DATA IN THIS EXERCISE >>

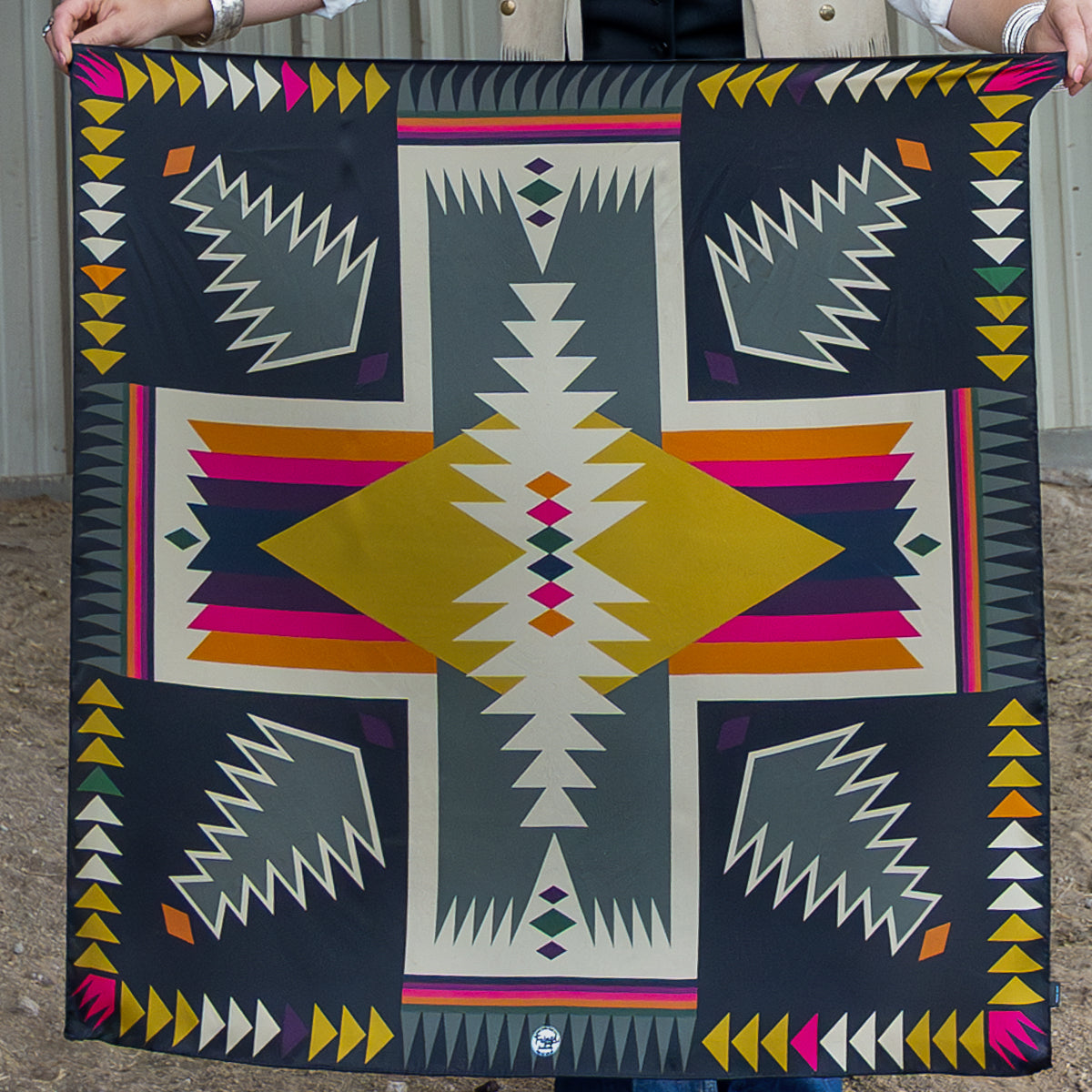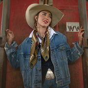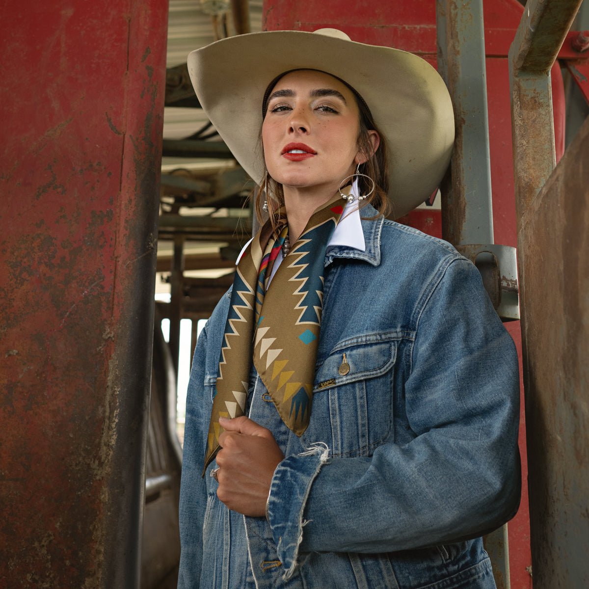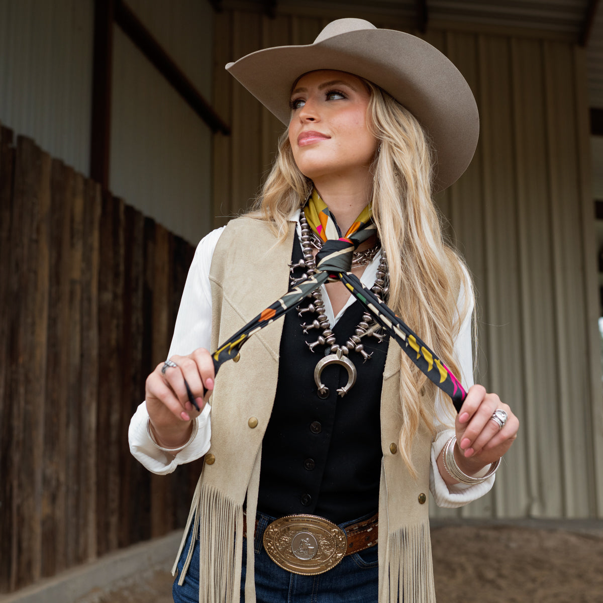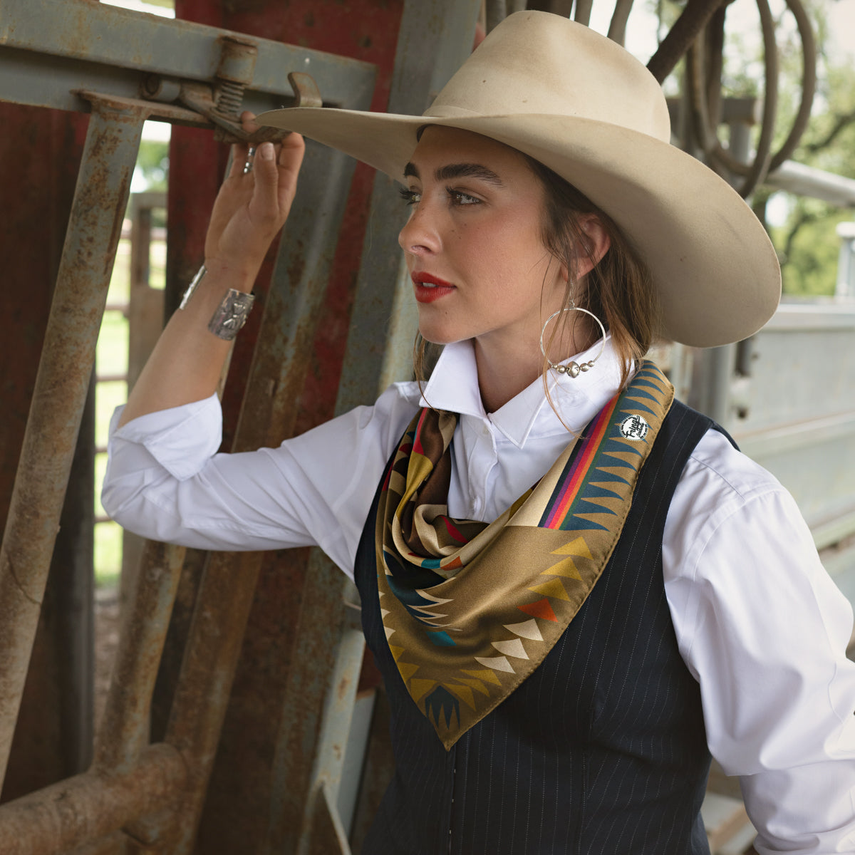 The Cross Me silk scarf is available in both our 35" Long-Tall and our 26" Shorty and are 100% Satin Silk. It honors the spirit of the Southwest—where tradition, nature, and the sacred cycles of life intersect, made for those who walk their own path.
...
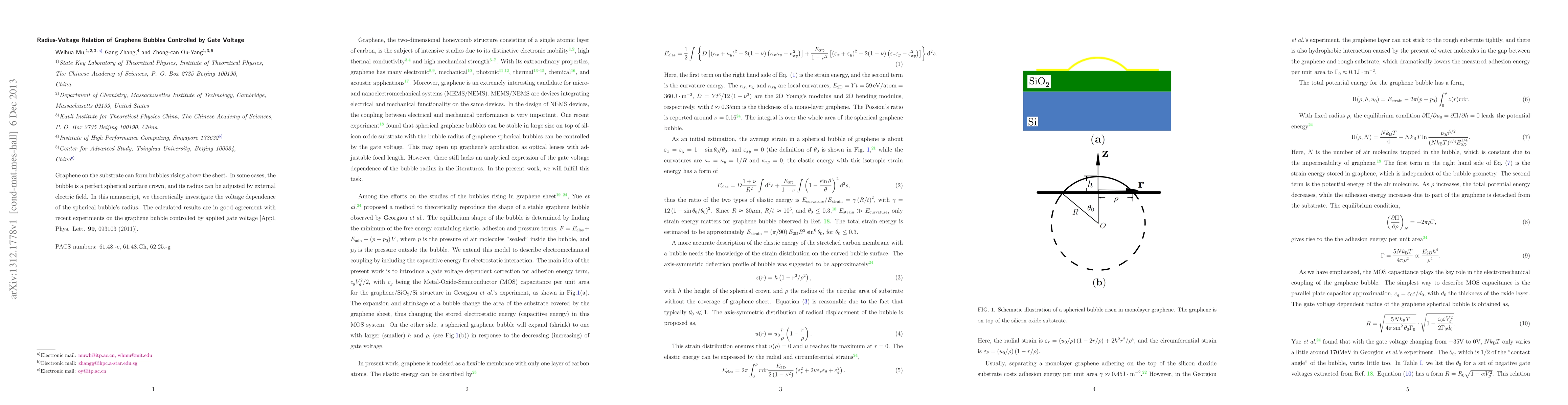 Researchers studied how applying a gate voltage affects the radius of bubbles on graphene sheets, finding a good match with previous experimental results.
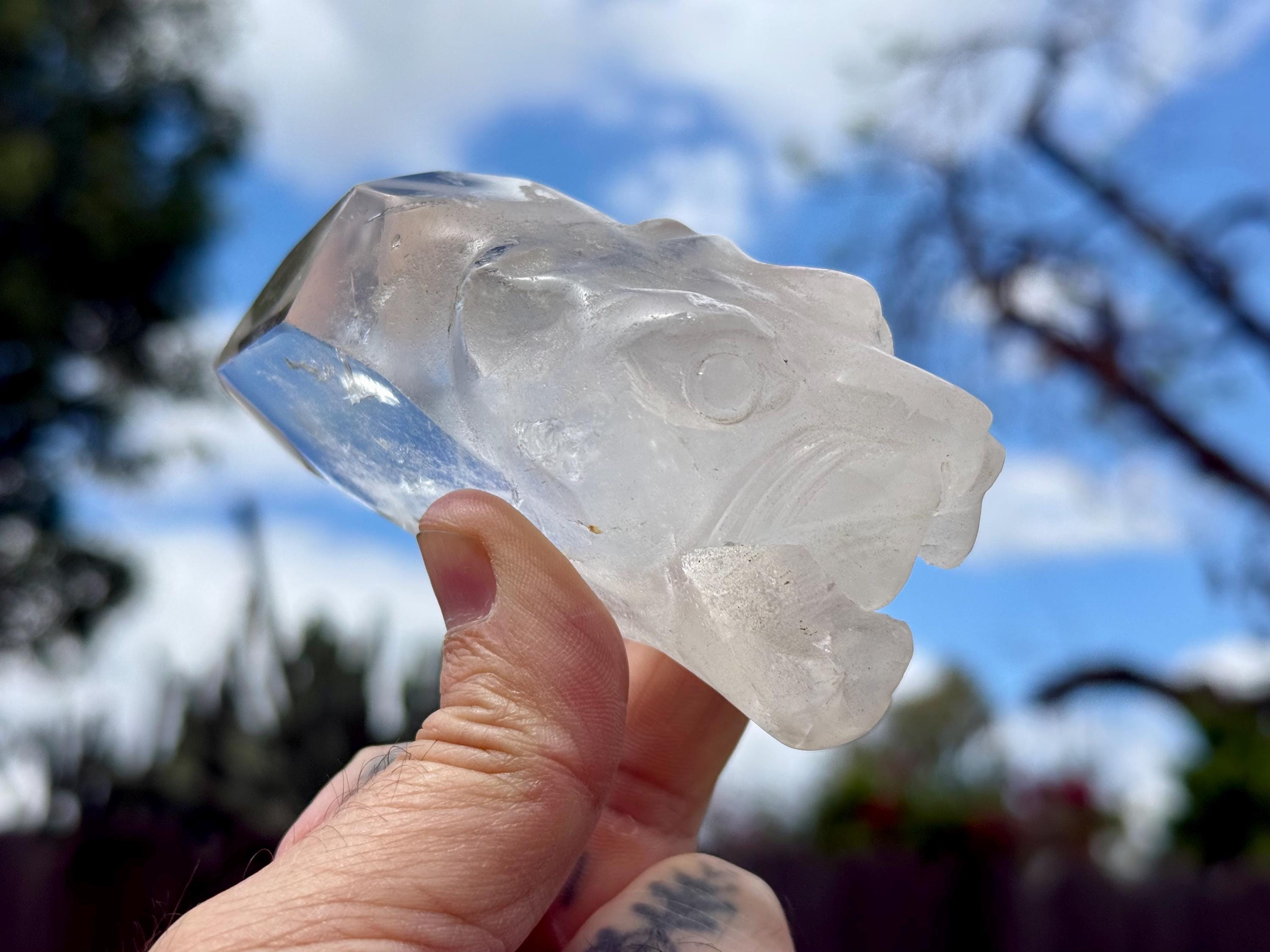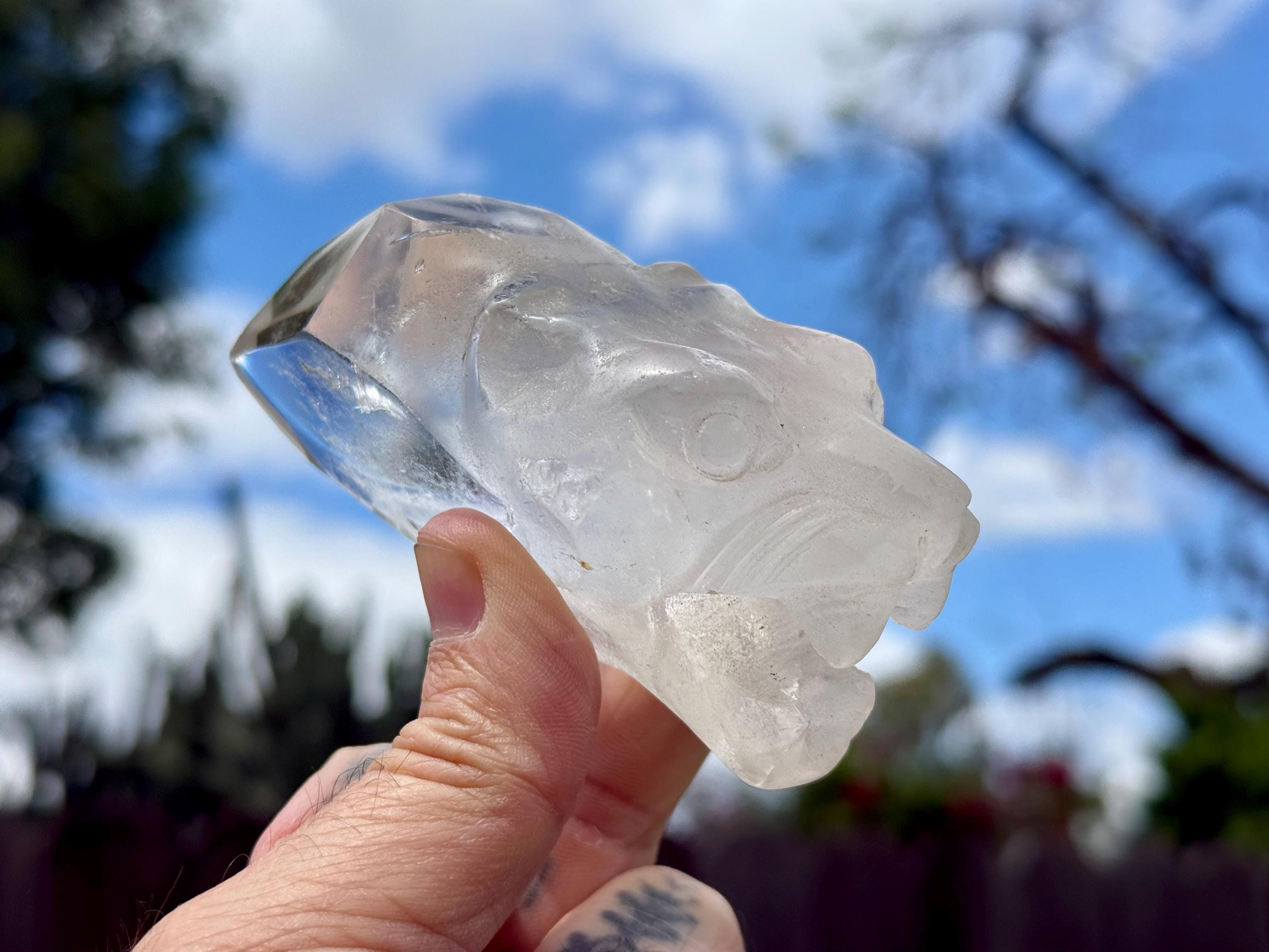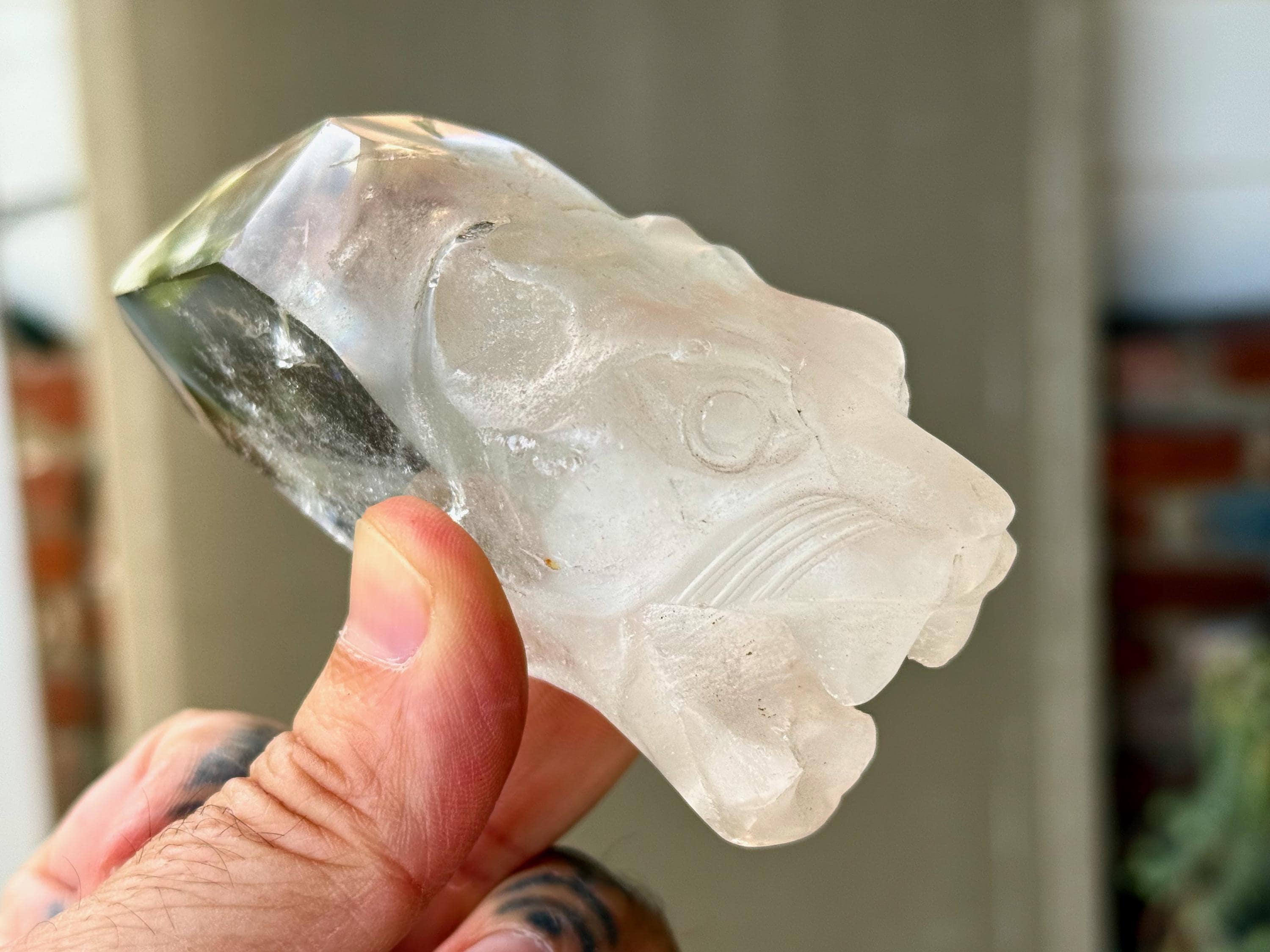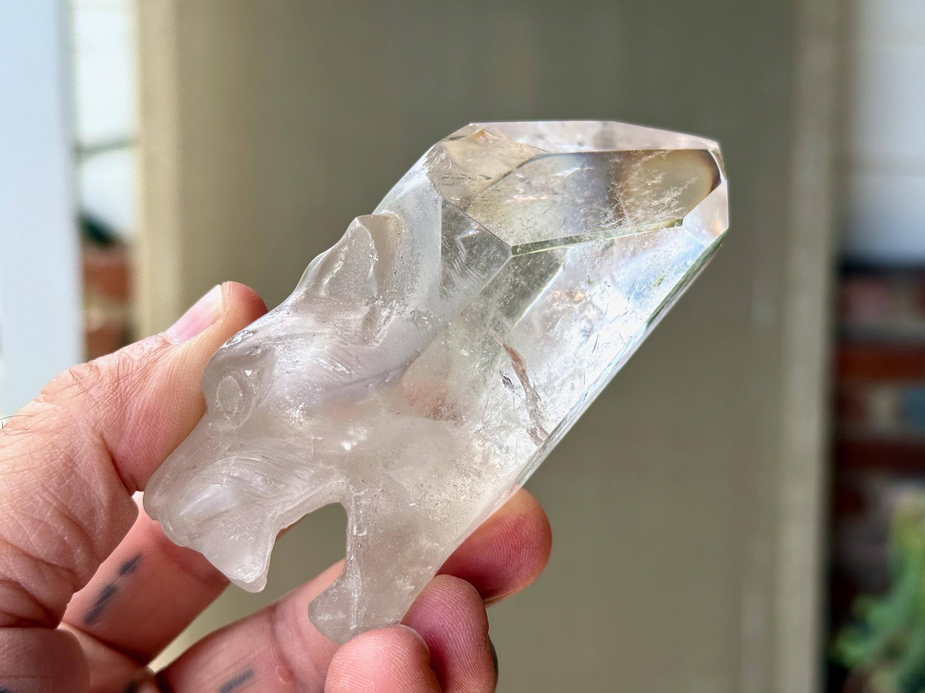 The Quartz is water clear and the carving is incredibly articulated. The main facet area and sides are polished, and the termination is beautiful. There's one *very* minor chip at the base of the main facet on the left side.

WHAT TO PRODUCE >>
Leaving each picture behind, please give again exactly the lines above from the one with "Researchers studied how" through the one with "The Quartz is", both included, and no others.

OUTPUT >>
 Researchers studied how applying a gate voltage affects the radius of bubbles on graphene sheets, finding a good match with previous experimental results.
 The Quartz is water clear and the carving is incredibly articulated. The main facet area and sides are polished, and the termination is beautiful. There's one *very* minor chip at the base of the main facet on the left side.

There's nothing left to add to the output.